Material provided:
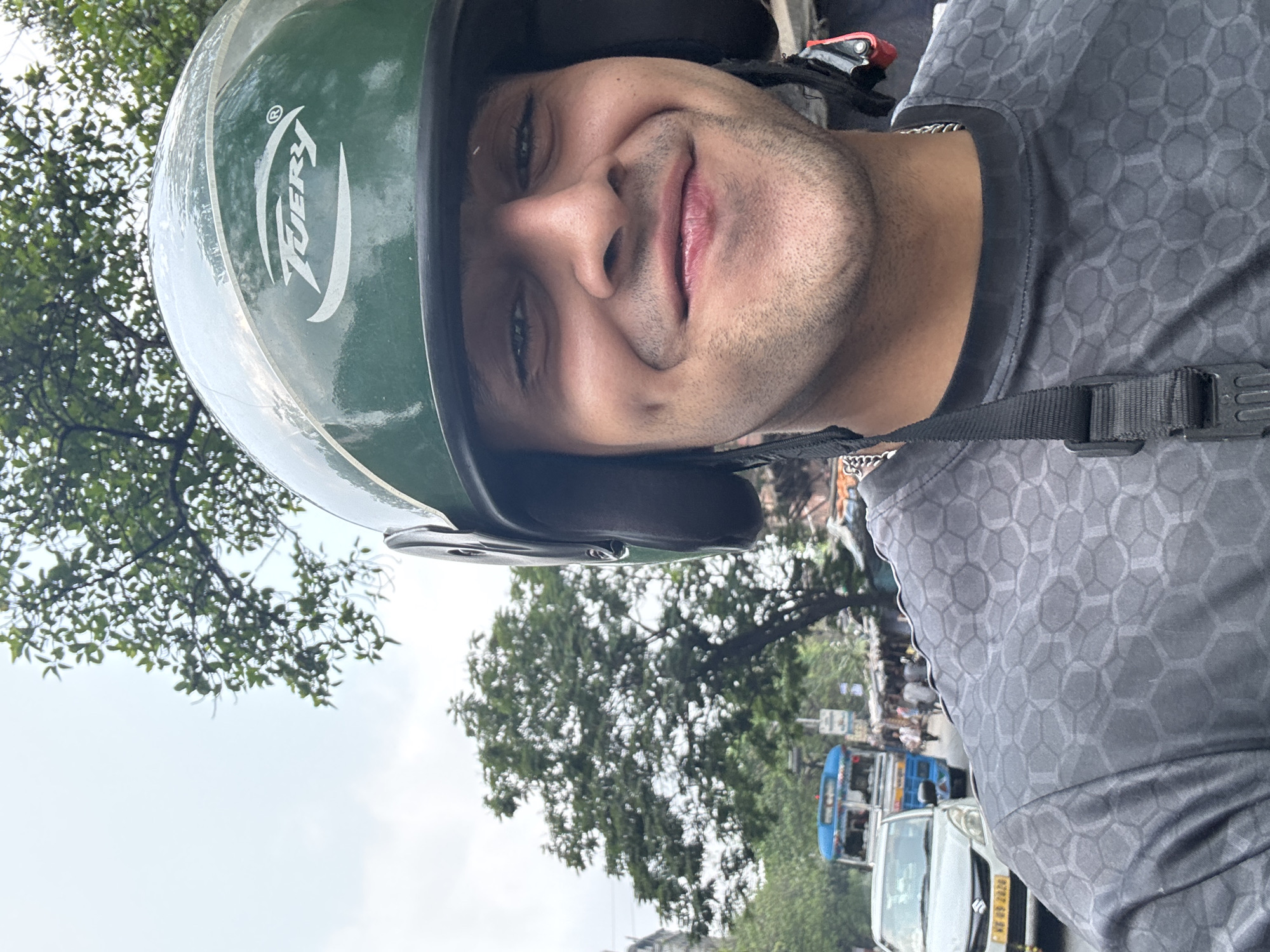 A headshot of a man with tan skin and dark hair wearing a green helmet with the word "FUERY" written on it. The helmet has a clear visor. The man is smiling slightly. He is wearing a grey shirt with a hexagonal pattern. A strap is visible across his chest. In the background, partially obscured by trees, is a street scene in Kolkata, India. Vehicles, including a blue bus, are visible on the street. The sky is overcast. License plate numbers, while present, are too blurry to be discernible.
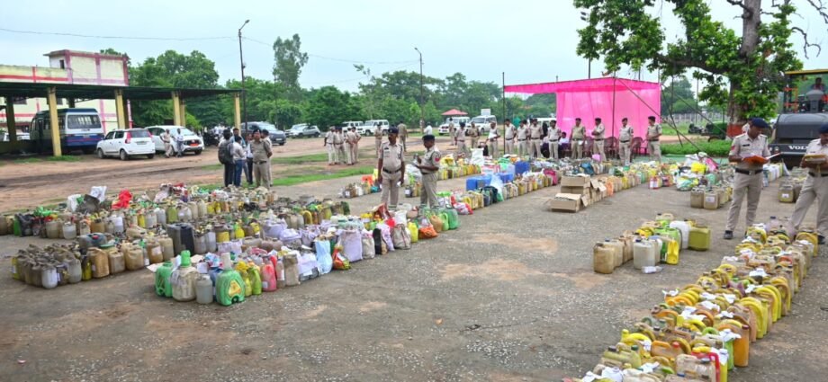 आज दिनांक 20.06.2025 को पुलिस लाइन, कोरबा में जिले के विभिन्न थाना एवं चौकियों में छत्तीसगढ़ आबकारी अधिनियम के तहत दर्ज न्यायालय से निराकृत 1866 प्रकरणों में जप्त लगभग 10,000 लीटर मदिरा का विधिवत नष्टीकरण किया गया।
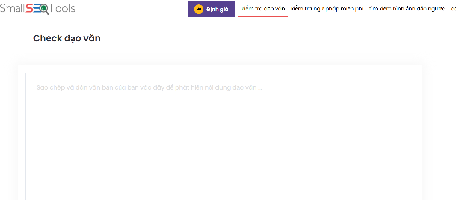 Kiểm tra đạo văn là một bước quan trọng trong việc đảm bảo tính chính xác và độc đáo của nội dung, đặc biệt là đối với những người sáng tạo nội dung, các nhà văn, blogger, hoặc những người làm trong lĩnh vực SEO. Small SEO Tools là một công cụ phổ biến và dễ sử dụng giúp bạn kiểm tra xem văn bản của mình có bị sao chép từ các nguồn khác hay không. Công cụ này miễn phí và rất hiệu quả trong việc phát hiện đạo văn, giúp bạn duy trì tính xác thực và uy tín trong công việc của mình. Dưới đây là hướng dẫn chi tiết về cách sử dụng công cụ kiểm tra đạo văn của Small SEO Tools.

Your instructions:
Leave the images out as you retype each line of the material exactly.

Solved problem:
 A headshot of a man with tan skin and dark hair wearing a green helmet with the word "FUERY" written on it. The helmet has a clear visor. The man is smiling slightly. He is wearing a grey shirt with a hexagonal pattern. A strap is visible across his chest. In the background, partially obscured by trees, is a street scene in Kolkata, India. Vehicles, including a blue bus, are visible on the street. The sky is overcast. License plate numbers, while present, are too blurry to be discernible.
 आज दिनांक 20.06.2025 को पुलिस लाइन, कोरबा में जिले के विभिन्न थाना एवं चौकियों में छत्तीसगढ़ आबकारी अधिनियम के तहत दर्ज न्यायालय से निराकृत 1866 प्रकरणों में जप्त लगभग 10,000 लीटर मदिरा का विधिवत नष्टीकरण किया गया।
 Kiểm tra đạo văn là một bước quan trọng trong việc đảm bảo tính chính xác và độc đáo của nội dung, đặc biệt là đối với những người sáng tạo nội dung, các nhà văn, blogger, hoặc những người làm trong lĩnh vực SEO. Small SEO Tools là một công cụ phổ biến và dễ sử dụng giúp bạn kiểm tra xem văn bản của mình có bị sao chép từ các nguồn khác hay không. Công cụ này miễn phí và rất hiệu quả trong việc phát hiện đạo văn, giúp bạn duy trì tính xác thực và uy tín trong công việc của mình. Dưới đây là hướng dẫn chi tiết về cách sử dụng công cụ kiểm tra đạo văn của Small SEO Tools.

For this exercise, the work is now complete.